In the IBIS-1 trial, 4279 women in the UK were randomised to placebo vs. tamoxifen (20mg/day). A total of 292 were excluded (breast cancer, death, or other cancer), leaving 3987 to be included in the analysis (2000 placebo arm, 1987 tamoxifen arm). Adherence was calculated using data from six monthly clinical visits during the trial. Adherence (<4.5 years, ≥4.5 years) was calculated using the Kaplan-Meier estimator. Our main objective was to investigate the effect of menopausal side effects experienced during the first six months on adherence overall and by treatment arm. All analyses were adjusted for age, Tyrer-Cuzick risk, smoking, hormone replacement therapy use, menopausal status, baseline symptoms, and treatment.
Overall, 66.8% of women were adherent for at least 4.5 years (placebo: 71.5% vs. tamoxifen: 62.1%, p<0.001). Highest drop-out rates were found within the first 12 months of follow-up, and a significant difference in adherence between treatment arms was observed thereafter (p<0.05). A low number of women experienced nausea/vomiting (5.0%) and headaches (7.0%), while higher proportions reported gynaecological symptoms (irregular bleeding/vaginal dryness/vaginal discharge, 13.8%) and hot flushes (31.5%). Women reporting nausea/vomiting (OR=1.82 [95% CI, 1.35-2.47], p<0.001) and headaches (OR=1.41 [1.08-1.84], p=0.01) were significantly more likely to be non-adherent at 4.5 years.
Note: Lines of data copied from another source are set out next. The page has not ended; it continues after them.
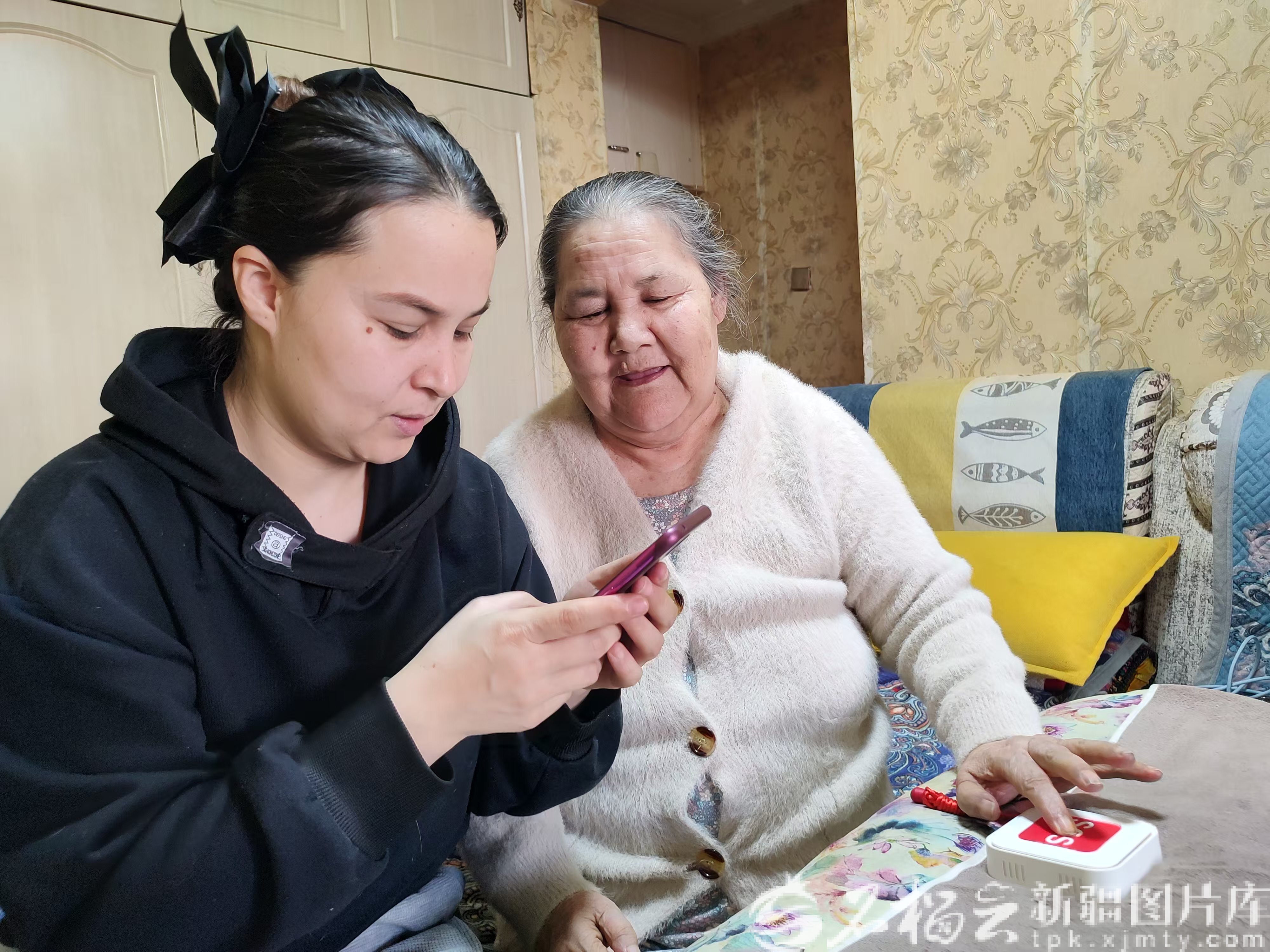 短短几天,这个家迎来了“生活革新”:卫生间装上了稳固的沐浴椅,玛依努尔洗澡时可稳稳落座;防滑垫牢牢锁住地面,消除了滑倒隐患;马桶旁的扶手让她仅凭自身力量就能起身。客厅里,360度智能摄像头让阿依仙木外出时能随时查看母亲状况;印着红色“SOS”的呼叫器更是“安全纽带”,轻轻一按,母女即刻通话。
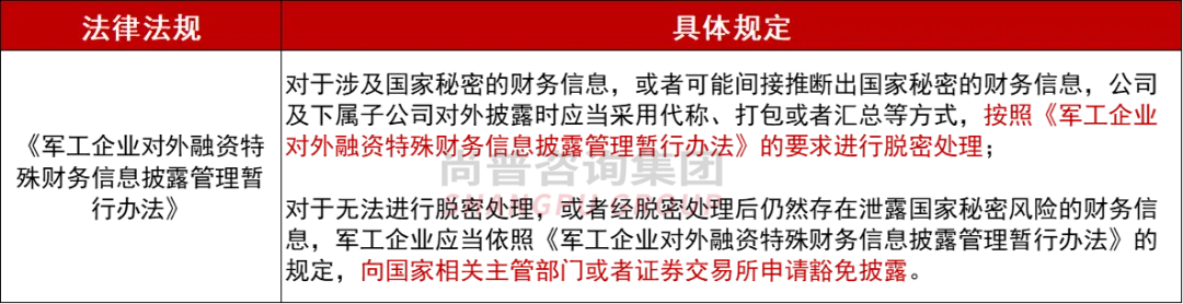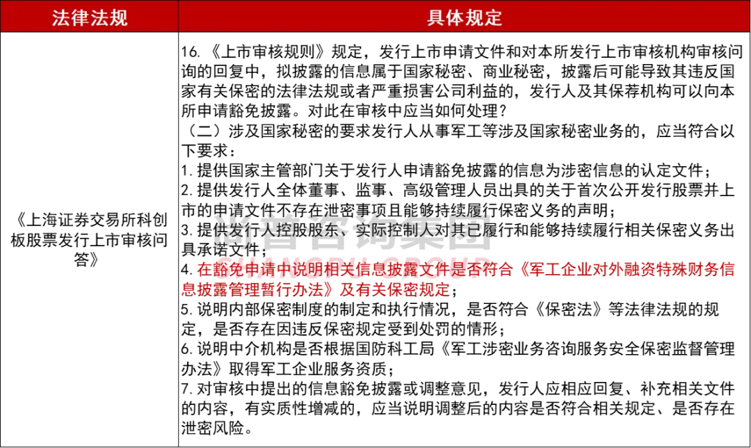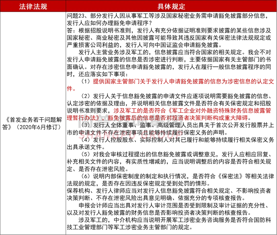 涉及流程:由国防科工局进行涉密信息披露审查(信息披露豁免),并出具涉密信息认定披露
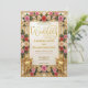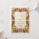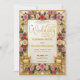 Set the tone for a timeless union with this ornate Baroque design. Featuring classic floral details and elegant typography for a sophisticated first impression.This design features a symmetrical composition anchored by a decorative geometric lattice frame in warm yellow-gold tones. The artwork mimics the look of a traditional illuminated manuscript, showcasing cherub angel illustrations and intricate heart flourishes amidst a border of blush pink roses and dusty rose florals. The typography utilizes an elegant handwritten calligraphy script for headlines, balanced by classic serif and clean sans serif fonts for details, all set against a soft ivory and cream background.This is a flat printed image with a faux gold foil effect, not actual raised foil or metallic material.
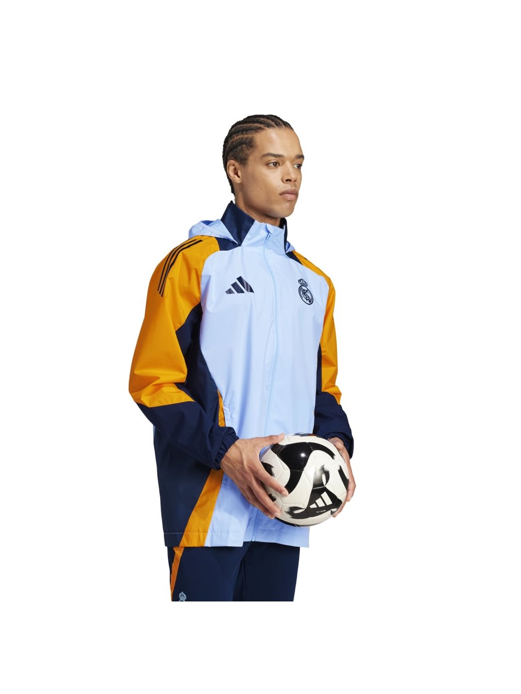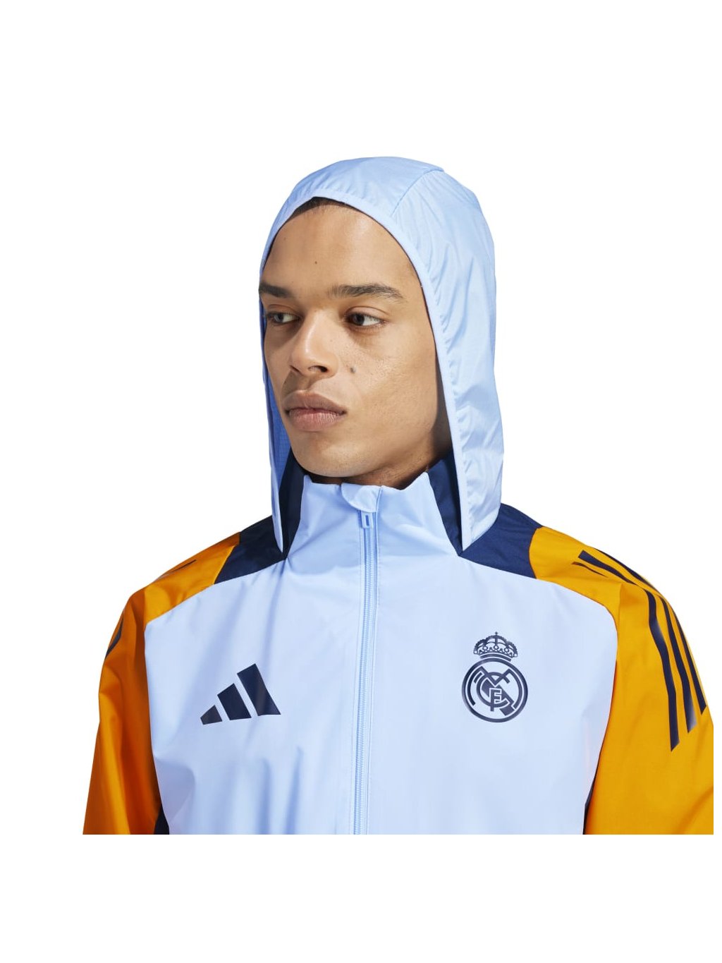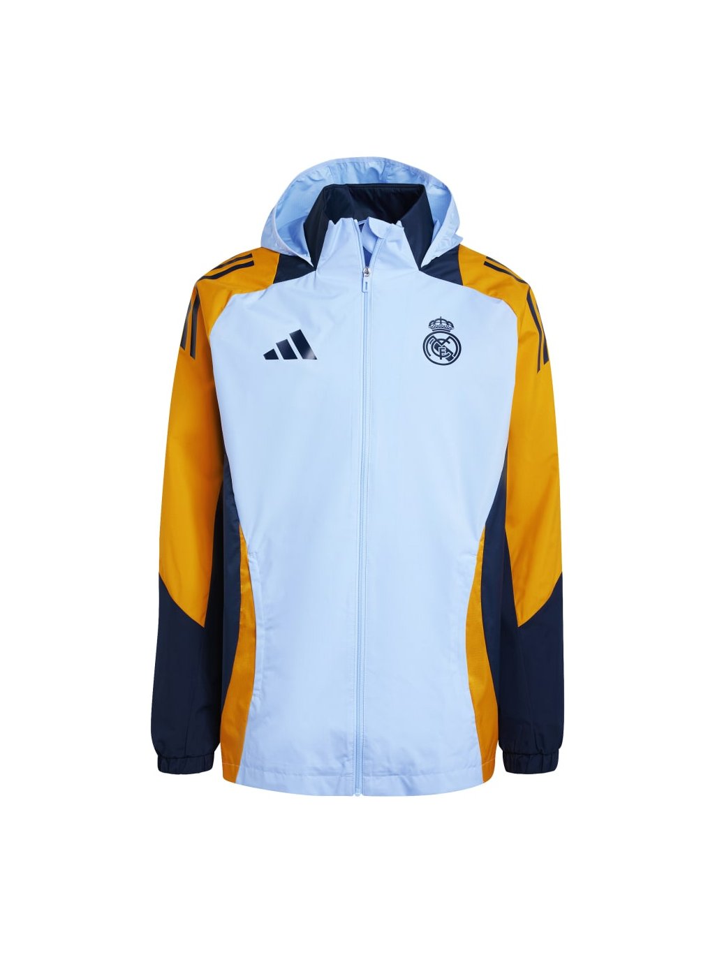 Trénuj ve stylovém fotbalovém outfitu za každého počasí. Tato bunda adidas Real Madrid ti umožní vyniknout na hřišti i za špatných podmínek. Odolný vodoodpudivý úplet tě ochrání před větrem a mírným deštěm. Do kapes na zip si můžeš schovat energetickou tyčinku, takže budeš mít dostatek sil i při náročných trénincích.
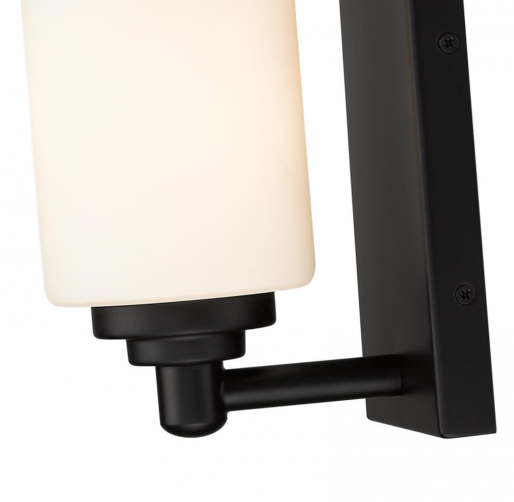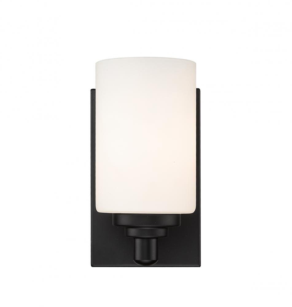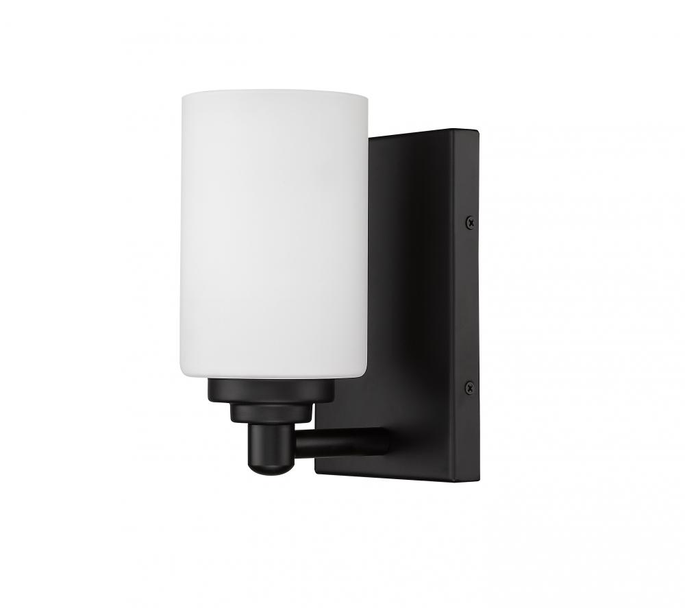 Let your bathroom, bedroom or hallway bask in soft, warm light. This contemporary one-light wall sconce has a sophisticated, streamlined look, and extends from a rectangular plate for a chic contrast. From the sconces cylindrical white etched glass shade to its matte black finish, this fixture stylishly upgrades your space.
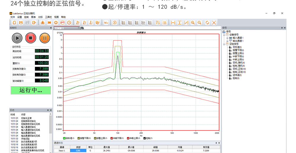 產(chǎn)品型號(hào): JQ-10002 品牌:劍 喬 用途:正弦試驗(yàn)可以控制振動(dòng)臺(tái)實(shí)現(xiàn)定頻(駐留)、掃頻等振動(dòng)試驗(yàn)??刂扑惴ㄖ胁捎昧烁櫈V波的幅值以及相位檢測(cè)算法,可以實(shí)現(xiàn)對(duì)控制信號(hào)的準(zhǔn)確反饋以及實(shí)時(shí)的閉環(huán)控制。咨詢熱線:13829135130
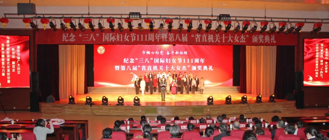 巾帼心向党、奋斗新征程。3月5日下午,纪念“三八”国际妇女节111周年暨第八届“省直机关十大女杰”颁奖典礼在省老年大学滨湖校区报告厅隆重举行。省直机关工委书记朱斌、省妇联主席刘苹、省委老干局局长夏小飞、省气象局局长胡雯、省直机关工委副书记朱宗庄、省妇联副主席张若平、省纪委监委信访室主任姚勤、省文化和旅游厅副厅长王靖等领导出席颁奖典礼并为获奖人员颁奖,省直有关单位领导嘉宾及各界妇女代表240余人参加了活动。
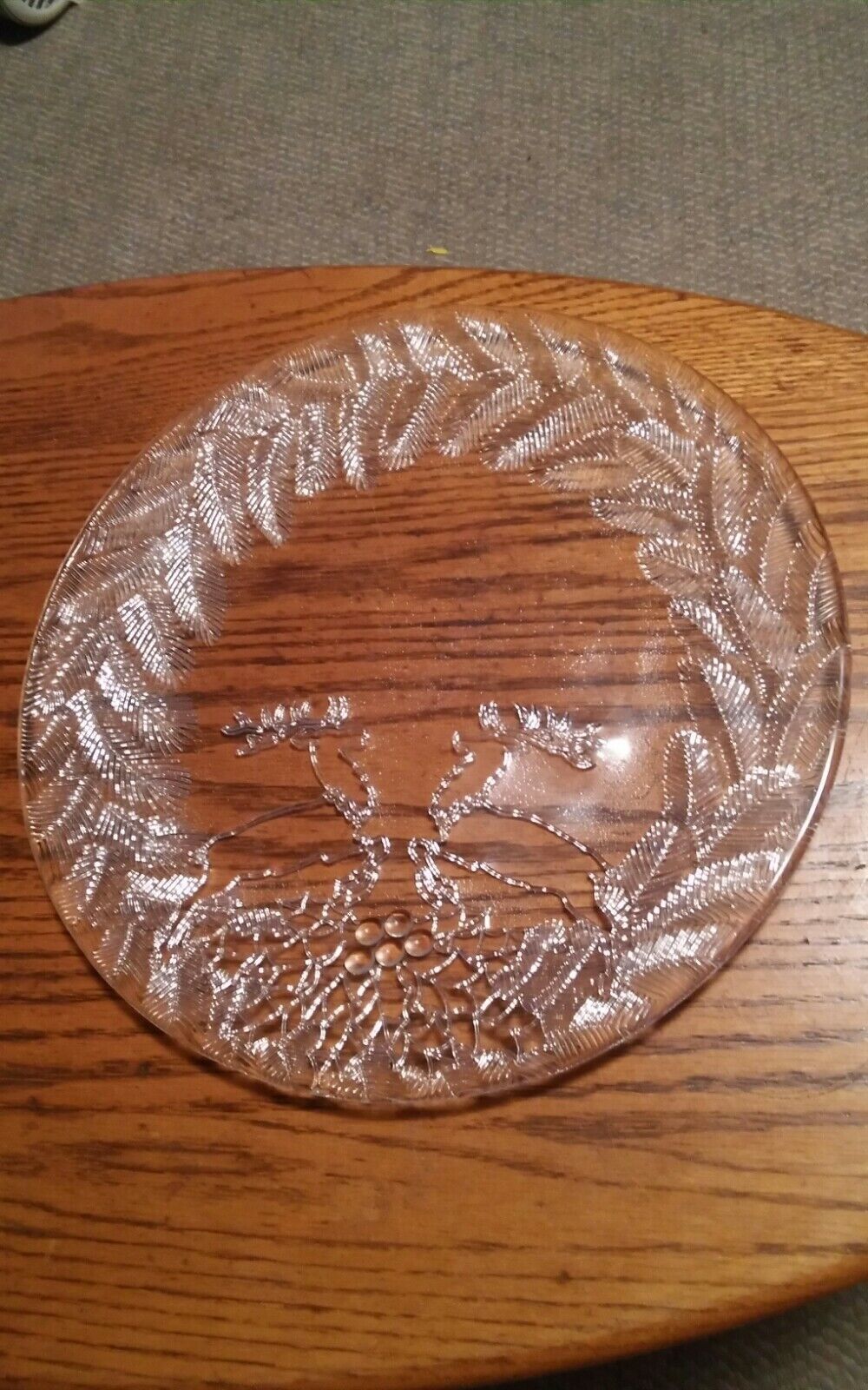 Here is a nice used condition clear glass plate. Bottom embossed with Reindeer and holly and pine branches around the sides. 12.5 inches across. Maker and age are unknown. Has some light wear.
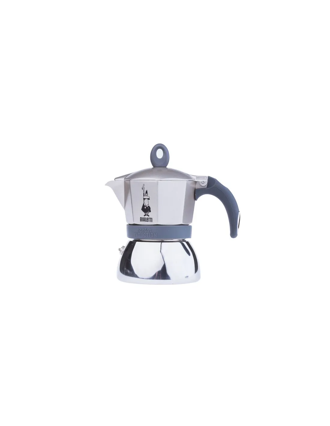 Legendara oală moka Bialetti cu opt pereți poate fi savurată acum și de posesorii de plite cu inducție, datorită bazei sale din oțel inoxidabil. Potrivit pentru 3 cești.
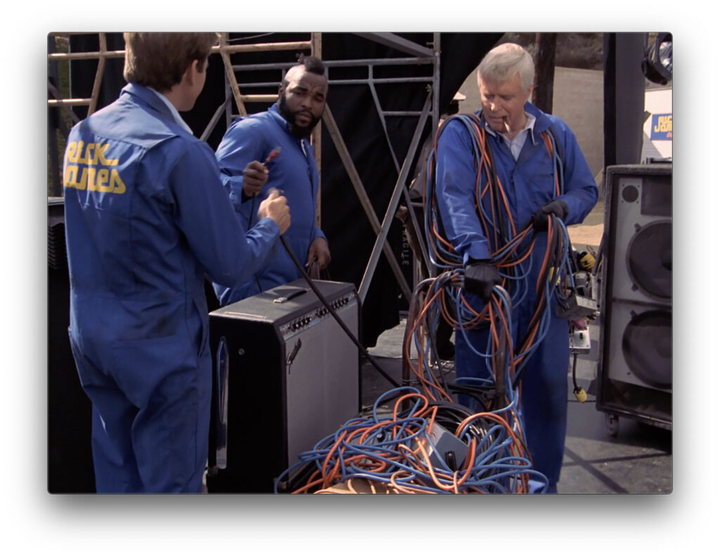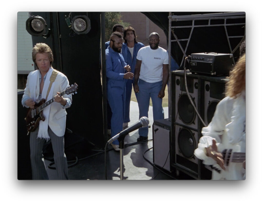 We open with a minute montage of L.A. set to Huey Lewis’ The Heart of Rock ‘n’ Roll (incidentally the title of this ep). We then move into three more minutes of stock footage of Rick James in concert–whom I admit I actually know nothing about. Except that I’m pretty sure he’s not Huey Lewis. During the concert, Hannibal scores a free guitar thrown off the stage–sweet, free guitar!
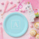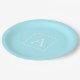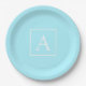 Simple Sky Blue Monogram Paper Plate
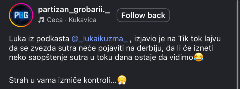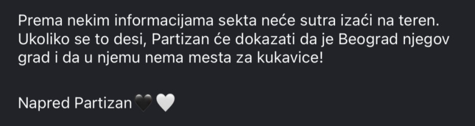 Ove informacije uglavnom dolaze sa navijačkih stranica i nemaju zvaničnu potvrdu iz kluba. Crvena zvezda večeras od 19.30 dočekuje Partizan u okviru poslednjeg kola druge faze ABA lige.
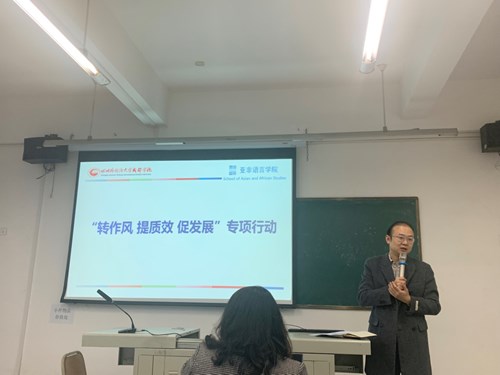 3月6日晚,我院在E208召开“转作风 提质效 促发展”专项行动内容学习和行动部署会。院党委书记钟伟、院长刘轩,全院64名教工参加会议。
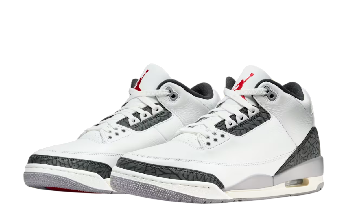 Clean and iconic, the Air Jordan 3 returns in a fresh yet familiar colourway. The Summit White leather upper is paired with elephant-print overlays and accents of Cement Grey and Fire Red. A padded collar and Nike Air cushioning deliver lasting comfort, while MJ’s third signature silhouette keeps your look timeless and confident.

Long-term adherence was not significantly affected for those who reported hot flushes (OR=1.10 [0.94-1.30], p=0.2) or gynaecological symptoms (OR=1.18 [0.99-1.41], p=0.07) compared with their counterparts. Nausea/vomiting was significantly associated with non-adherence in both the placebo (OR=1.82 [1.16-2.87], p=0.009) and tamoxifen (OR=1.84 [1.22-2.76], p=0.004) arms. Headaches were associated with non-adherence in the placebo arm (OR=1.70 [1.16-2.50], p=0.006), while gynaecological symptoms were only significant in the tamoxifen arm (OR=1.30 [1.05-1.63], p=0.02). The majority of side effects were of mild or moderate severity and we observed significant trends for lower adherence with increasing severity for all symptoms (p<0.05 to <0.001).
In the IBIS-I trial, we observed a significant effect of common menopausal symptoms on long-term adherence. These effects were largely similar between tamoxifen and placebo arms, suggesting women are attributing age-related menopausal symptoms to preventive therapy. To ensure women experience the full benefit of preventive therapy, interventions are required to support the management of menopausal symptoms and to promote adherence. The higher rate of drop-out in the early months of the trial suggests early intervention may be an effective way to promote long-term adherence.
Citation Format: Smith SG, Sestak I, Forbes J, Howell A, Cuzick JJ. Menopausal symptoms as predictors of long-term adherence in the International breast cancer intervention study (IBIS-1) [abstract]. In: Proceedings of the 2016 San Antonio Breast Cancer Symposium; 2016 Dec 6-10; San Antonio, TX. Philadelphia (PA): AACR; Cancer Res 2017;77(4 Suppl):Abstract nr S5-03.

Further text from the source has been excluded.